The territory’s power-sharing administration has effectively been suspended since September over reports that the Irish Republican Army continued to exist as a paramilitary organization.
Talks between leaders of Northern Ireland’s opposing communities have been going on for nine weeks, but Kenny said that he believed a deal could be reached within days.
He told Ireland’s national broadcaster RTE on Sunday: “I'm very hopeful and happy about the reports I'm getting that a deal is on here and I do hope it will be concluded successfully in the next couple of days.
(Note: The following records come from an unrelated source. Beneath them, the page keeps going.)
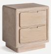 The DREKE bedside table, with its modern design and natural walnut veneer and synthetic leather frame, provides a sophisticated look to any room.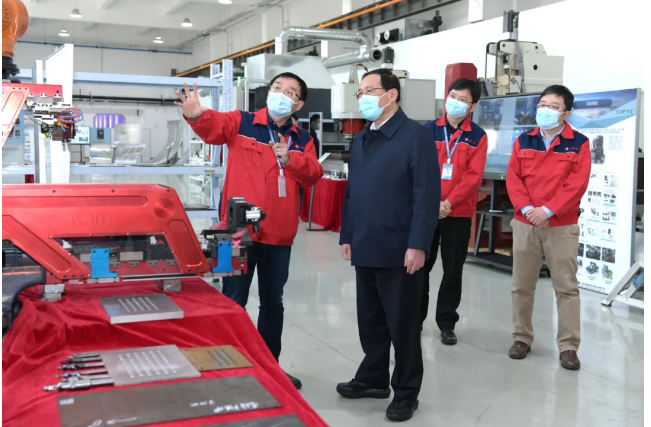 上海拓璞数控科技股份有限公司作为面向航空航天领域的高端智能制造装备供应商,由机械制造、自动化、计算机信息等多学科专家与机床行业企业家及工程技术人员联合创立,相关产品、系统填补了国内细分领域的空白,达到国际先进水平。李强在公司察看具有自主知识产权的产品和生产线,听取设计研发、生产销售和售后服务等情况介绍,勉励企业实施好关键核心技术攻关工程,加快解决所在领域“卡脖子”问题,研发更多独门绝技,更好服务国家重大任务,更好助力高端装备产业发展。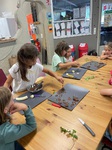 Nun ging es ans Basteln der Schneckenmobiles. Herbert hatte eine Vielzahl schöner Weinbergschneckenhäuser mitgebracht, dazu gesägte und durchbohrte Hölzer von der Feldulme, die man gut an ihrer gefurchten Rinde erkennen kann. Immer abwechselnd wurden die Schneckenhäuser und die Hölzchen auf Schnüre aufgefädelt und dann am längsten Holz befestigt. Es war gar nicht so einfach, die Schnüre in die Löcher zu bekommen, haltbare Knoten zu machen und das Ganze ins Gleichgewicht zu bringen. Aber am Ende konnte jedes Kind ein hübsches Mobile herzeigen. Zum Schluss gab es für jedes Kind noch ein „Schneckenüberraschungsei“ mit einem uralten Ammoniten-Fossil sowie ein Döschen mit einem zauberhaften Wasserschneckenhaus, das Millionen Jahre alt sind ist. Dieser abwechslungsreiche und spannende Nachmittag verging wie im Flug. Wir vom Team „Natur und Umwelt pur“ freuen uns schon sehr auf das nächste Treffen Ende Mai mit dem Waldmobil!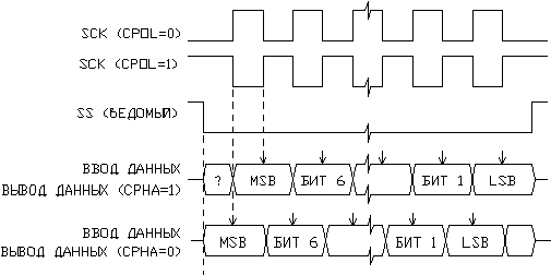 SPIE-бит разрешения/запрета прерываний от последовательного интерфейса связи, при SPIE=1 прерывания разрешены, при SPIE=0 прерывания запрещены, SPE-активация/блокировка интерфейса, при SPE=1-система периферийного интерфейса активирована, при SPE=0-система блокирована, MSTR-бит выбора режима ведущий/ведомый, при MSTR=1-режим "ведущий", при MSTR=0-режим "ведомый", CPOL-бит полярности синхронизации (см. рис. 17), при CPOL=1-SCK-линия считается нерабочей в высоком состоянии, при CPOL=0-SCK-линия считается нерабочей в низком состоянии, CPHA-фаза синхронизации (см. рис. 17), при CPHA=1 вывод SS\ является управляющим выводом доступа к данным при CPHA=0-сдвиг синхронизации является логическим "ИЛИ" SCK и SS. Когда SS в состоянии 0 первый фронт SCK является сигналом начала передачи. Биты SPR0,SPR1 задают скорость передачи данных, которую можно выбрать, руководствуясь таблицей:
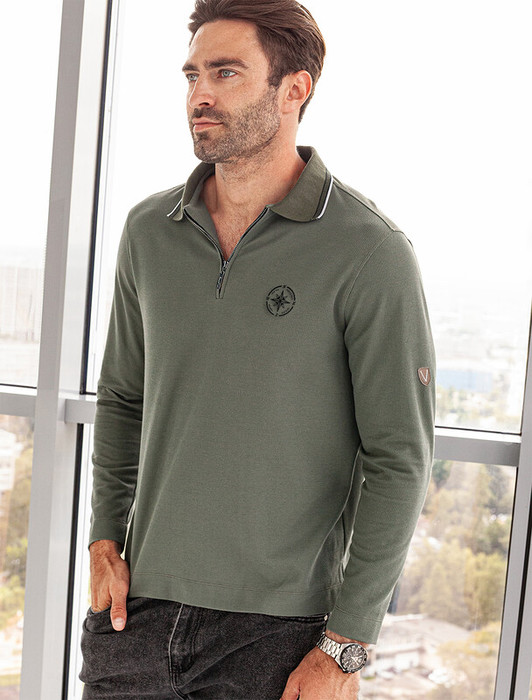 Поло прямого силуэта выполнено из фактурного трикотажа. Плетеный ворот с застежкой планкой на металлической молнии украшен контрастной полоской. Эластичный хлопковый материал хорошо пропускает воздух, а одежда из него не пилингуется и комфортно облегает фигуру. Однотонная модель с длинными рукавами дополнена небольшим вышитым логотипом бренда.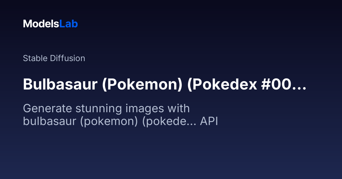 by ModelsLabbulbasaur-pokemon-pokedex-0001-illustrious-pony-v1-0Weight: 0.8Trigger: Bulbasaur_Pokemon <-- Same as the Lora file name, isn't that easy to remember?Extra prompts: none Trained on 44 images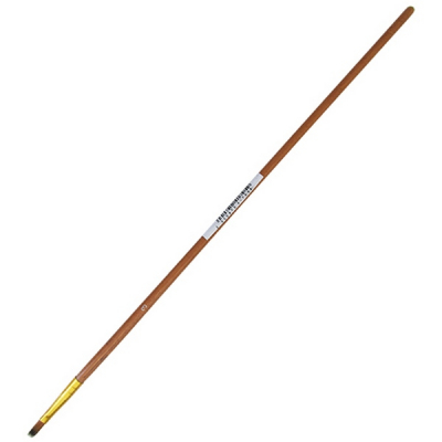 Кисть синтетика плоская №3 с тонкой удлиненной ручкой — это отличная замена натуральным кистям. Отличается идеальной формой, эластичностью и гибкостью, не теряет упругости при намокании. Синтетические кисти изготавливаются из искусственных материалов: нейлона, таклон, полиэстер и имитируют натуральный ворс, например, пони, белки, колонка и других животных. Кисти с коричневым/бежевым ворсом — как правило, имеют среднюю жесткость, их чаще выбирают для акриловых, масляных, гуашевых и темперных красок. Работать акварелью тоже можно, но за счет толщины ворса не столь удобно. Кисти с черным ворсом — имеют мягкий ворс и предназначены для акварели, темперы или гуаши. Использовать их с масляными и акриловыми красками не стоит. Кисть с белым ворсом — как правило, самый жесткий вариант. Часто имитирует щетину или козлиный ворс. Хороши для масла и акрила.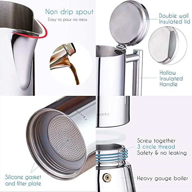 - Used the latest manufacturing technology and combined aesthetics to design this elegant espresso coffee pot. The heat resistant hollow insulated lid and handle grip make it convenient to use. Base is heavy gauge Magnetic stainless steel,ensuring its long life time at high temperatured heat resource.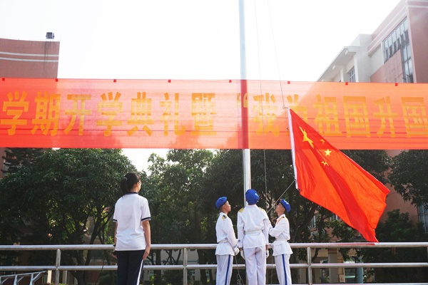 伴隨著莊嚴肅穆的升國旗儀式,開學典禮正式開始,鮮艷的五星紅旗迎著旭日,伴著晨風飄揚。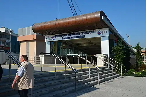 Üsküdar railway station is an underground railway station located beneath Üsküdar square in Istanbul. It was opened on 29 October 2013 along with the new trans-Bosphorus Marmaray rail tunnel.[2] TCDD Taşımacılık operates commuter trains east to Ayrılık Çeşmesi and west to Kazlıçeşme (on the European side) within 6- to 10-minute intervals. Due to the stations central location, connections to several city bus routes are available.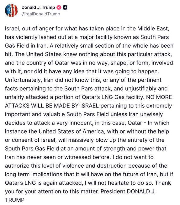 Blasts Israel for smashing world's biggest gas field in Iran tonight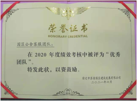近日,園區(qū)公舍客服條線在2020年建發(fā)公司績效考核中,榮獲“建發(fā)公司優(yōu)秀團隊”稱號。
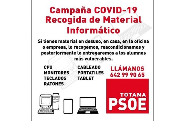 "Moción URGENTE de Acción Totana solicitando el apoyo de toda la oposición por ser mayoritaria en esta Corporación Municipal, para aprobar un plan conjunto y una partida presupuestaria, en coordinación con los colegios del municipio sean públicos o concertados, los comercios locales y las posibles donaciones de particulares en dinero o material para dotar a todos los escolares del municipio que no los tengan, de equipos informaticos básicos que les permitan seguir sus estudios durante el tiempo que dure el mal llamado estado de alarma para que posteriormente, queden a disposición y en depósito de los alumnos de cada centro escolar".

“I will be talking to the prime minister in Downing Street tomorrow and afterwards make arrangements to meet with the first and deputy first minsters [of Northern Ireland] and I hope that we can have this concluded.”
Northern Ireland’s leaders ended decades of often bloody conflict with a landmark 1998 peace agreement that required the territory’s government to be a coalition between unionist parties and Irish republicans.
But that government was brought to the brink of collapse in August this year following the fatal shooting of Kevin McGuigan, a former IRA member.
Unionist parties withdrew almost all of their ministers after a senior chairman in the main Irish republican party, Sinn Fein, was arrested in connection with the murder, triggering claims that the IRA may have ordered the killing.
A report commissioned by the British government last month found the Provisional IRA army council continued to oversee Sinn Fein’s strategy, but that it was “committed to the peace process and its aim of achieving a united Ireland by political means”.
Republicans and unionists have since been in talks to break the impasse over issues, including paramilitary activity and cuts to Northern Ireland’s welfare budget.